* _Exercise requirements_
Look through the listing below for the line with "- создание системы" and the line with "откроется реестр. Если". Copy both, along with every line between them, exactly and with no pictures.

* _Data_
»»

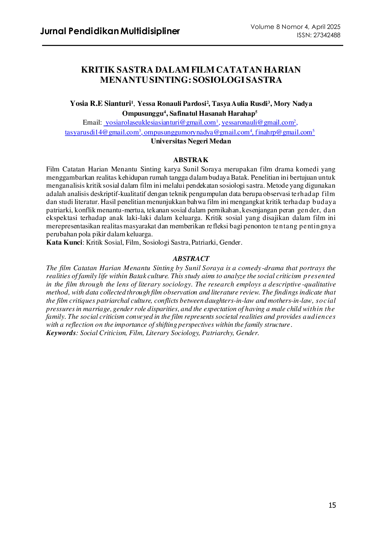 Jurnal Pendidikan MultidisiplinerJurnal Pendidikan MultidisiplinerFilm Catatan Harian Menantu Sinting karya Sunil Soraya merupakan film drama komedi yang menggambarkan realitas kehidupan rumah tangga dalam budaya Batak. Penelitian ini bertujuan untuk menganalisis kritik sosial dalam film ini melalui pendekatan sosiologi sastra. Metode yang digunakan adalah analisis deskriptif-kualitatif dengan teknik pengumpulan data berupa observasi terhadap film dan studi literatur. Hasil penelitian menunjukkan bahwa film ini mengangkat kritik terhadap budaya patriarki, konflik menantu-mertua, tekanan sosial dalam pernikahan, kesenjangan peran gender, dan ekspektasi terhadap anak laki-laki dalam keluarga. Kritik sosial yang disajikan dalam film ini merepresentasikan realitas masyarakat dan memberikan refleksi bagi penonton tentang pentingnya perubahan pola pikir dalam keluarga.
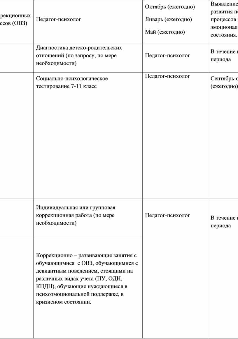 - создание системы психолого-педагогической поддержки учащихся разных возрастных групп; - изучение особенностей психолого-педагогического статуса учащихся, с последующим выявлением детей, нуждающихся в незамедлительной помощи; - обеспечение безопасности ребенка, снятие суицидального риска; - сопровождающая деятельность детей группы риска и их семей |
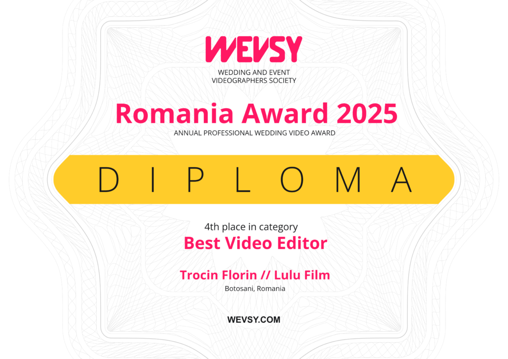 Suntem extrem de bucuroși să vă anunțăm că echipa noastră ,,Lulu Film,, a câștigat trei premii la concursul Wevsy Romania Award 2025, organizat de Societatea Videografilor de Nuntă & Eveniment – wevsy.com:
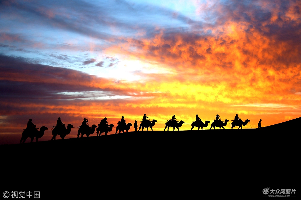 2018年8月19日,游客在甘肅省敦煌市鳴沙山月牙泉景區欣賞大漠風光。圖片作者:張曉亮/視覺中國
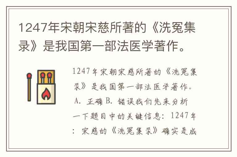 1247年宋朝宋慈所著的《洗冤集录》是我国第一部法医学著作。 A. 正确 B. 错误
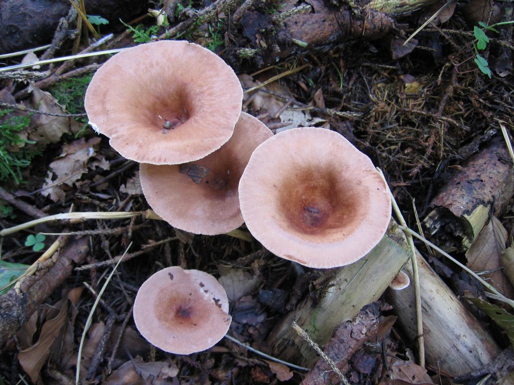 • Außerdem hat Clitocybe gibba einen weißen Stiel, und keinen orangebraunen wie die Fotopilze. Für Clitocybe costata ist mir allerdings die Hutfärbung der Fotopilze viel zu freudig rosa, C. costata hat einen trüb ockergelben bis graugelben Hut. Außerdem sind die gezeigten Hutränder regulär und nicht wirklich gekerbt. Ein Foto von C. costata habe ich beigefügt.
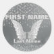 Ein silberner Aufkleber mit Engelsflügeln und Tränen. Fügen Sie einen Namen hinzu, um diese Vorlage anzupassen.
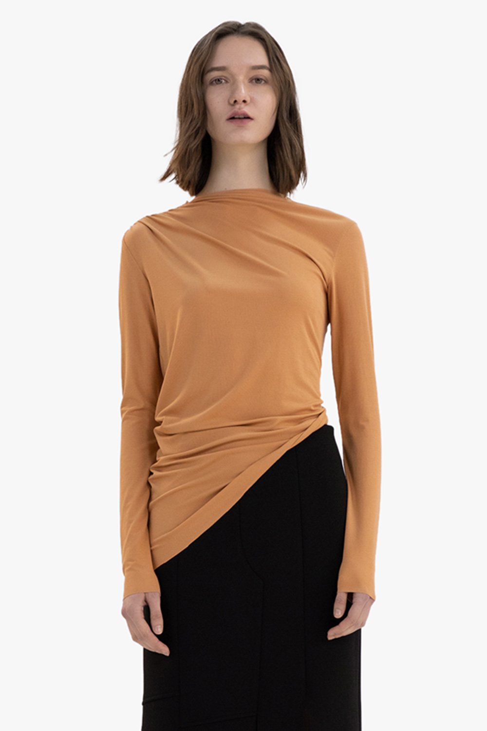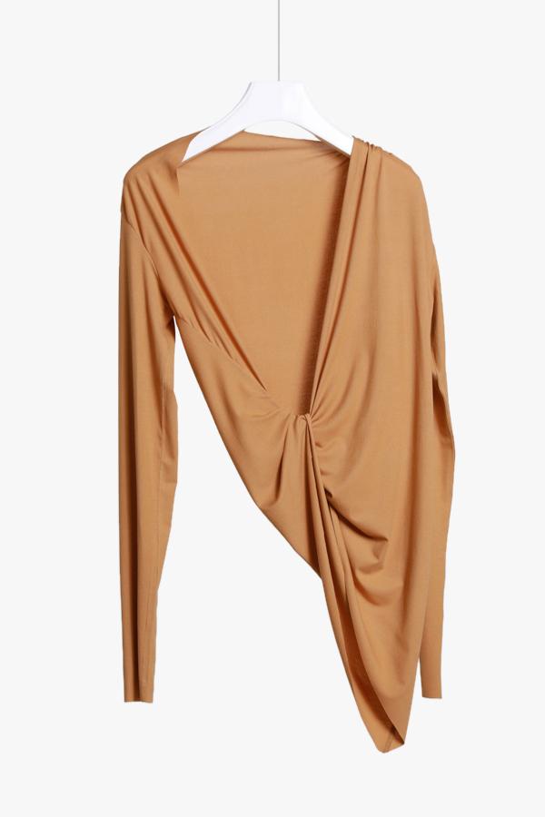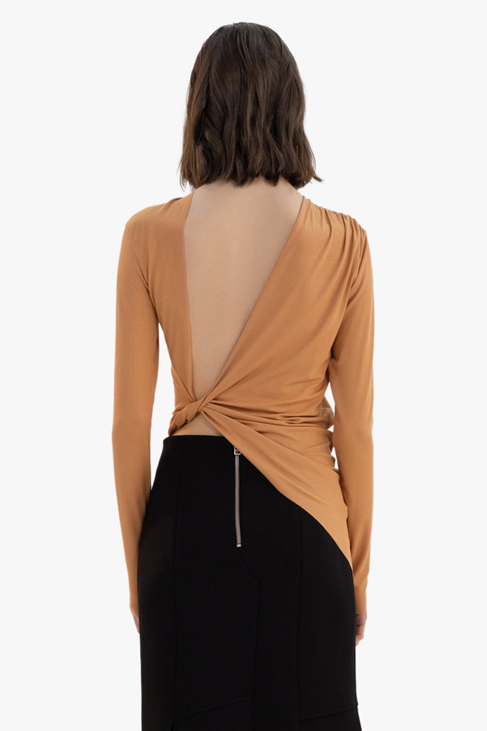 Yuel Xiang open back pleated knot stretch knit long sleeve shirt in cider.
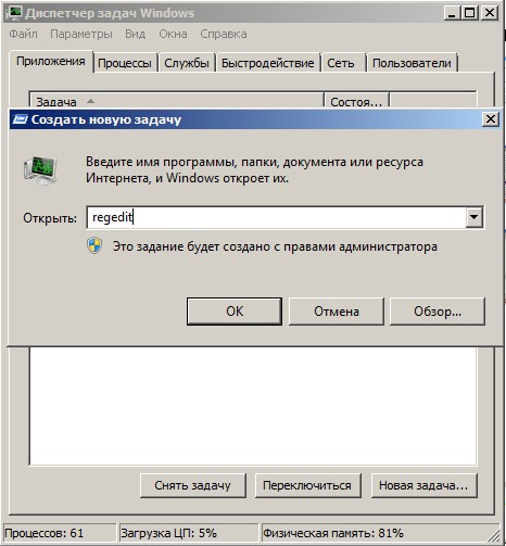 откроется реестр. Если в безопасном режиме у вас тоже будет пустой рабочий стол, тогда попробуйте клавиатурное сочетание Ctrl+Alt+Del, откроется Диспетчер задач, далее Файл ->Новая задача, вводим в поле ввода regedit.
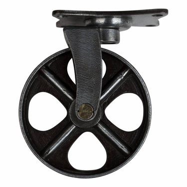 Ein Rad mit Charakter und Funktionalität: Die Pewter-Oberfläche, die 4-Speichen-Optik und die solide Montageplatte verleihen Ihrem Projekt sofort echten Industriecharme.
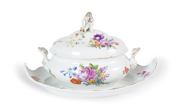 manifattura di Meissen, zuppiera con coperchio sormontato da presa raffigurante un putto, anse laterali,
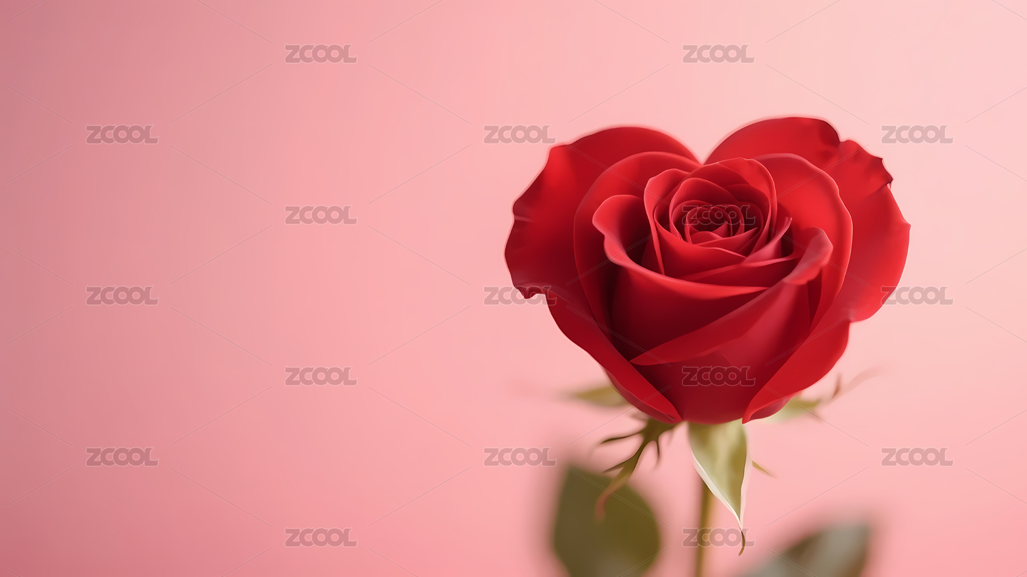 红玫瑰花朵与粉色渐变背景的浪漫构图
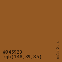 Цвет #945923 в цветовой модели RGB обозначается тремя октетами (148, 89, 35) в десятичном формате и #945923 в шестнадцатиричном (hex) формате, которые являются интенсивностью красного 148 (hex 94), интенсивность зелёного 89 (hex 59) и интенсивность синего 35 (hex 23).

««

* _Written response_
 - создание системы психолого-педагогической поддержки учащихся разных возрастных групп; - изучение особенностей психолого-педагогического статуса учащихся, с последующим выявлением детей, нуждающихся в незамедлительной помощи; - обеспечение безопасности ребенка, снятие суицидального риска; - сопровождающая деятельность детей группы риска и их семей |
 Suntem extrem de bucuroși să vă anunțăm că echipa noastră ,,Lulu Film,, a câștigat trei premii la concursul Wevsy Romania Award 2025, organizat de Societatea Videografilor de Nuntă & Eveniment – wevsy.com:
 2018年8月19日,游客在甘肅省敦煌市鳴沙山月牙泉景區欣賞大漠風光。圖片作者:張曉亮/視覺中國
 1247年宋朝宋慈所著的《洗冤集录》是我国第一部法医学著作。 A. 正确 B. 错误
 • Außerdem hat Clitocybe gibba einen weißen Stiel, und keinen orangebraunen wie die Fotopilze. Für Clitocybe costata ist mir allerdings die Hutfärbung der Fotopilze viel zu freudig rosa, C. costata hat einen trüb ockergelben bis graugelben Hut. Außerdem sind die gezeigten Hutränder regulär und nicht wirklich gekerbt. Ein Foto von C. costata habe ich beigefügt.
 Ein silberner Aufkleber mit Engelsflügeln und Tränen. Fügen Sie einen Namen hinzu, um diese Vorlage anzupassen.
 Yuel Xiang open back pleated knot stretch knit long sleeve shirt in cider.
 откроется реестр. Если в безопасном режиме у вас тоже будет пустой рабочий стол, тогда попробуйте клавиатурное сочетание Ctrl+Alt+Del, откроется Диспетчер задач, далее Файл ->Новая задача, вводим в поле ввода regedit.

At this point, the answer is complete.